▶ [Task prompt] The listing below should be reproduced exactly, with the pictures omitted.

▶ [Source data]

# # #

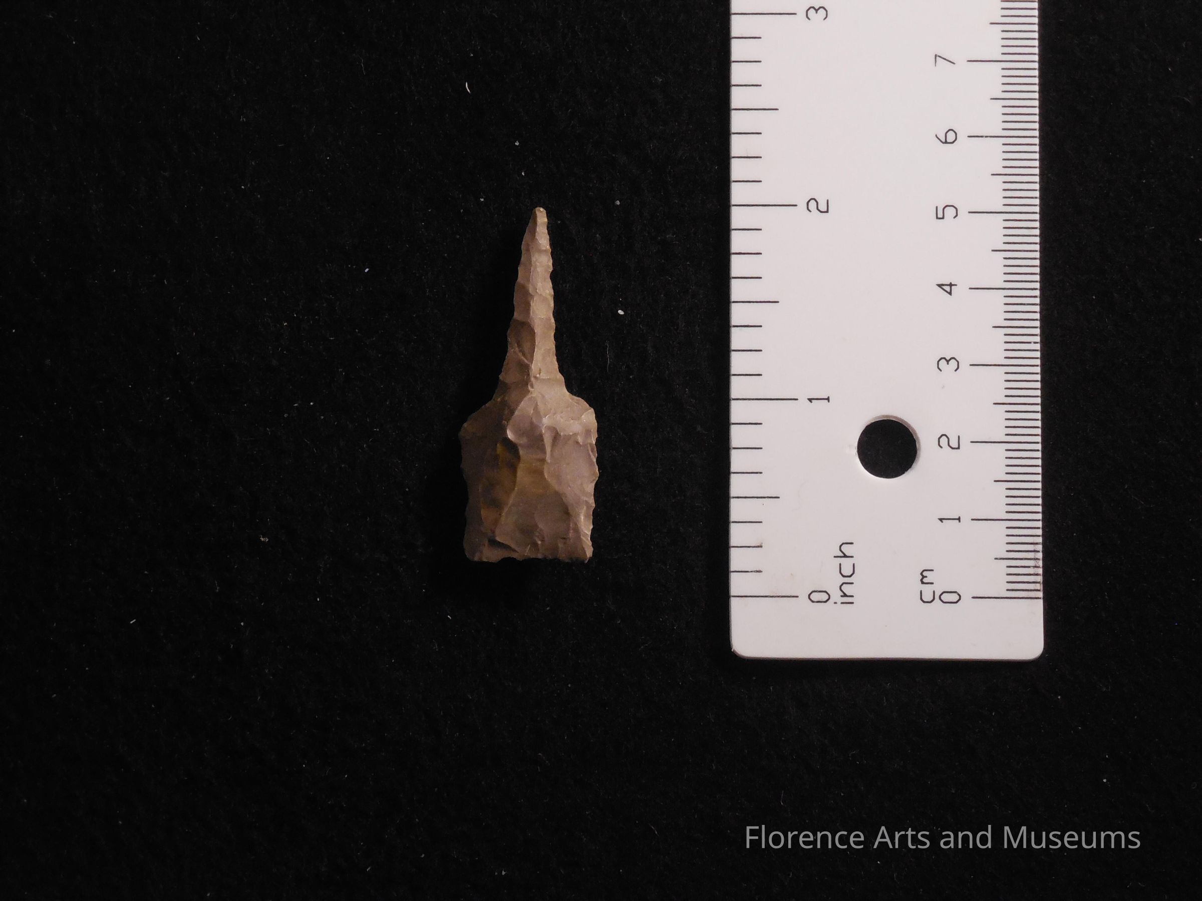 Lithic Tool with squared hafting area, beveled sides, and sharpened tip.
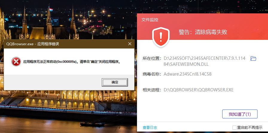 安装公测版的瑞星防病毒软件后QQ浏览器打开后被报毒,之后就报错再也无法打开。
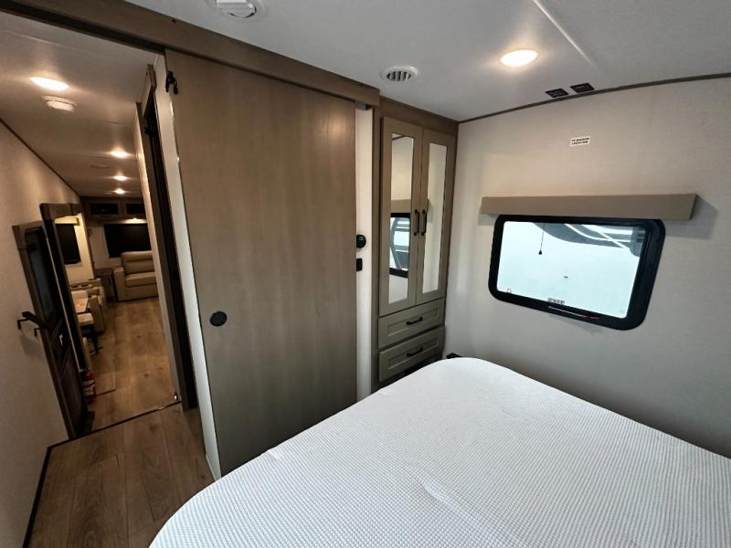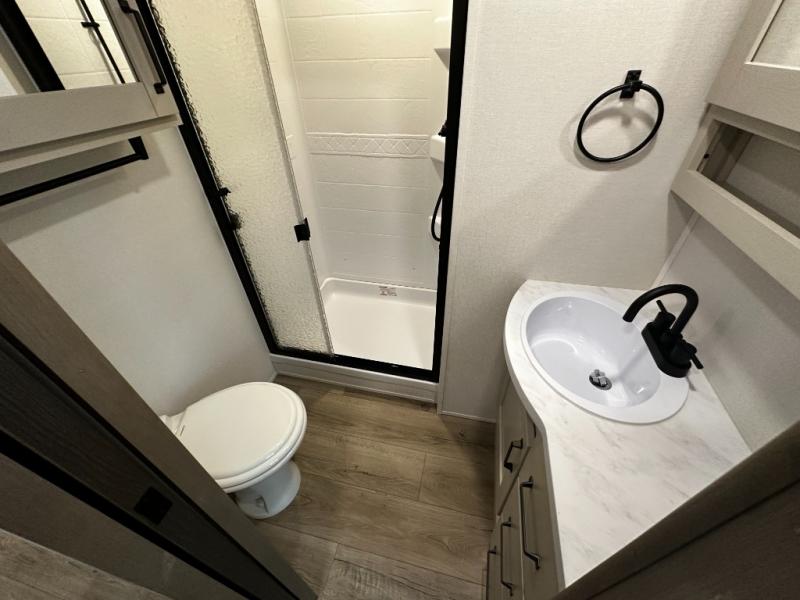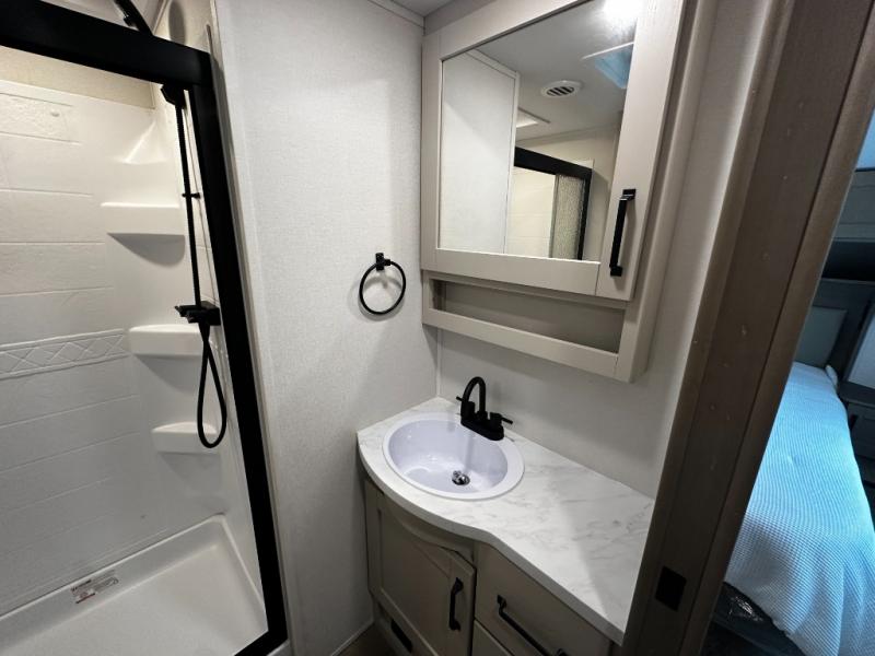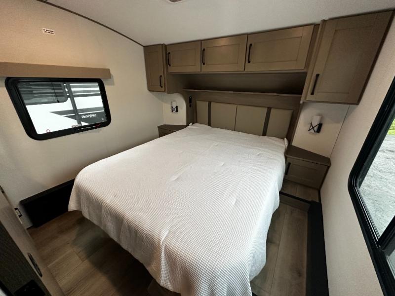 The front master suite serves as a private retreat with a walk-around king bed, dual wardrobes, overhead storage, and privacy doors. The full bathroom includes a spacious shower, vanity, and thoughtful storage solutions, providing residential-style comfort wherever the road takes you.
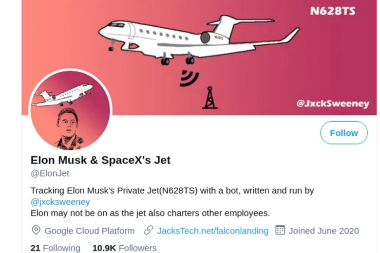 凍結された @ElonJet は2020年にフロリダの大学生ジャック・スウィーニー氏が開設した、マスク氏の自家用ジェット機の飛行データを取得してツイートするアカウント。

# # #

▶ [Response for this exercise]
 Lithic Tool with squared hafting area, beveled sides, and sharpened tip.
 安装公测版的瑞星防病毒软件后QQ浏览器打开后被报毒,之后就报错再也无法打开。
 The front master suite serves as a private retreat with a walk-around king bed, dual wardrobes, overhead storage, and privacy doors. The full bathroom includes a spacious shower, vanity, and thoughtful storage solutions, providing residential-style comfort wherever the road takes you.
 凍結された @ElonJet は2020年にフロリダの大学生ジャック・スウィーニー氏が開設した、マスク氏の自家用ジェット機の飛行データを取得してツイートするアカウント。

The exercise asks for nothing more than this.